PARTIES: WINZAR, Kevin David
TITLE OF COURT: SUPREME COURT OF THE NORTHERN TERRITORY
JURISDICTION: APPEAL FROM THE COURT OF SUMMARY JURISDICTION EXERCISING TERRITORY JURISDICTION
FILE NO: JA 5 of 2005 (20406196)
DELIVERED: 15 June 2005
HEARING DATES: 10 June 2005
JUDGMENT OF: RILEY J
Appellant: C. Roberts
Respondent: K. Banbury
Appellant: Office of the Director of Public Prosecutions
Respondent: Central Australian Aboriginal Legal Aid Service
Judgment category classification: B
Judgment ID Number: ril0511
Number of pages: 9
IN THE SUPREME COURT
OF THE NORTHERN TERRITORY
AT ALICE SPRINGS
Winzar v Wayne  NTSC 27
No JA 5 of 2005 (20406196)
IN THE MATTER OF the Justices Act
AND IN THE MATTER OF an appeal against sentence handed down in the Court of Summary Jurisdiction at Alice Springs
WINZAR, Kevin David
CORAM: RILEY J
REASONS FOR JUDGMENT
(Delivered 15 June 2005)
This is a Crown appeal against sentence. On 16 December 2004 the respondent pleaded guilty to a charge of aggravated assault. The assault occurred at about 4.30 am on 15 April 2003 in Gap Road in Alice Springs. The victim of the assault had been sharing a cigarette with a friend but was alone at the time of the assault. The respondent, who was not known to her, approached and called out to her as she walked towards her home. She stopped. There was a short conversation and then the victim continued walking along Gap Road. At some point she stopped and sat on a rock because she did not want to lead the respondent to her home. The respondent sat behind her. There was some further conversation in which the victim intimated to the respondent that she did not want to talk to him and that she wanted him to leave her alone. She got up and walked away. The respondent then grabbed her by the hair with one hand and pulled her forward with his other hand on her shoulder. She tried to escape but was unsuccessful. She was pushed against a wall and again grabbed by the hair and punched to the left-hand side of her face with a closed fist. She fell to the ground from the force of the punch. The respondent then fell on top of her and there was a struggle. The victim again tried to run away but was punched twice to the head. She was then held by her trousers in the thigh area so that she could not run away. The respondent began to remove her trousers. The victim then took her trousers off completely so that she could try to escape. She threw the trousers at the respondent, who got up from the ground and pushed her into a brick wall. The respondent then tried to remove her underpants. The victim threw her underpants at him and then escaped and ran to her house from where she called the police.The victim feared the respondent was about to commit a more serious sexual assault upon her. The submission made on behalf of the respondent was that his conduct in removing her clothing was because he was angry and wanted to “insult” her or, as it was put to me, “shame her”. The learned magistrate (perhaps generously) accepted the submission on behalf of the respondent. She said: “I don’t see the incident was heading the way that she (the victim) might have thought it was heading”. Such a finding was open to her Worship and is not now challenged.
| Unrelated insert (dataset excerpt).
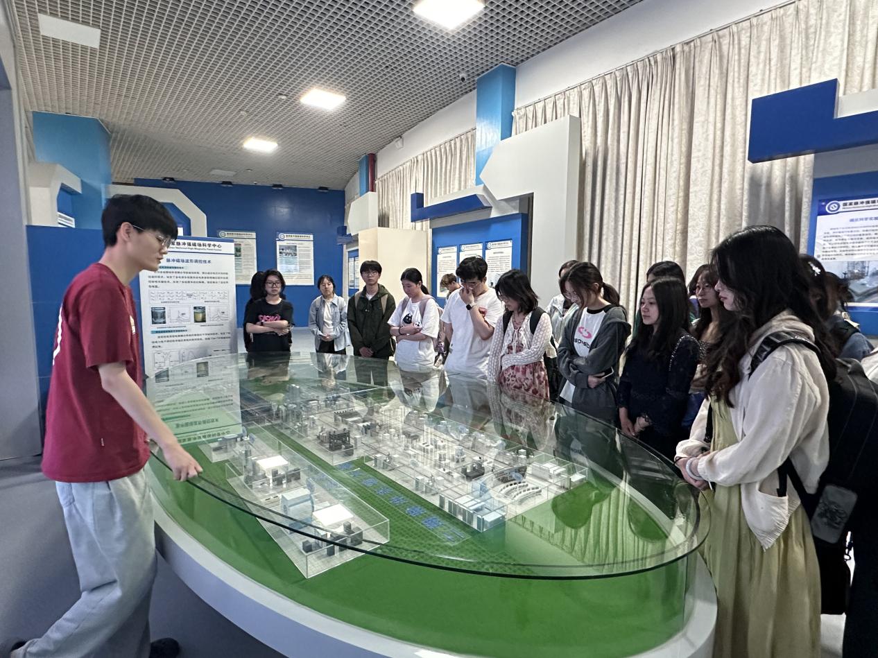 在中心志愿讲解员的带领下,同学们进入国家脉冲强磁场科学中心,了解了脉冲强磁场实验装置的运作流程、强磁场实验装置的建设历程与成果,以及脉冲强磁场技术在生活各领域中的运用。随后,同学们随着讲解员来到中心的电源大厅,近距离感受国家重大科技基础设施的创新脉动。

As a result of the assault the victim received bruises to her head and lost some of her hair. She had a lump and a bruise on her cheek from a punch to her face. In her victim impact statement she emphasised that she was very frightened on the night and was “scared for my life”.
The respondent was subsequently arrested but denied any involvement in the incident. After a time he was clearly implicated by virtue of DNA testing. In a subsequent record of interview the respondent said:
“I was walking on Gap Road. I asked her for a smoke and she told me to piss off. That made me angry so I punched her to the left side of her face, pushed her on to the ground. I was going to kick her but she screamed and I ran away.”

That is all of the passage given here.